В суматохе Мишка Шагин совсем забыл о данной ему записке. Когда на другой день он нашел ее у себя в кармане, он со злобой подумал: «Буду я еще передавать теперь твои записки». И, сделав из записки цигарку, он насыпал ее махоркой и, молча посмеиваясь, выкурил. Никому и никогда он не рассказал, какую однажды он выкурил цигарку.

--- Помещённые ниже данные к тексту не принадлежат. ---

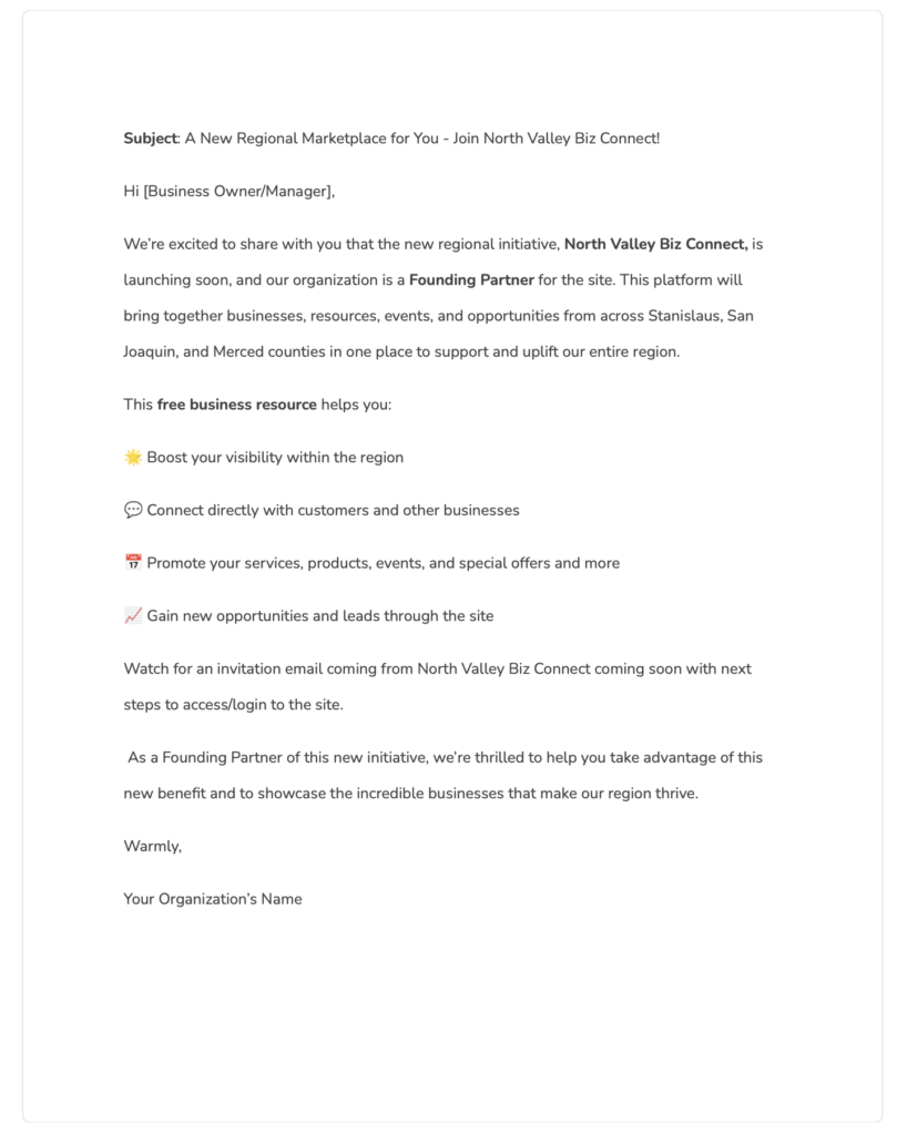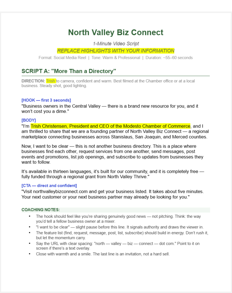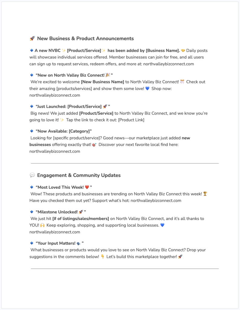 Resources, templates, and content to help you market the North Valley Biz Connect Marketplace

А Ирина Сергеевна, и тогда, и много лет спустя, думая о смерти Огинского, всегда с горечью говорила про себя: «Как мог он не послать мне прощального слова?»
Осталось неясным, вольная или невольная была эта смерть. Но вольная она была. В чужом лесу, на чужом болоте. Но разве не каждый лес для охотника родной, и разве не каждое болото манит его душу своими птицами и цветами, своею странной топью, шатким голосом зыбкой основы, говорящем душе о начальных днях земли, когда земля и вода еще не могли и не хотели разъединиться?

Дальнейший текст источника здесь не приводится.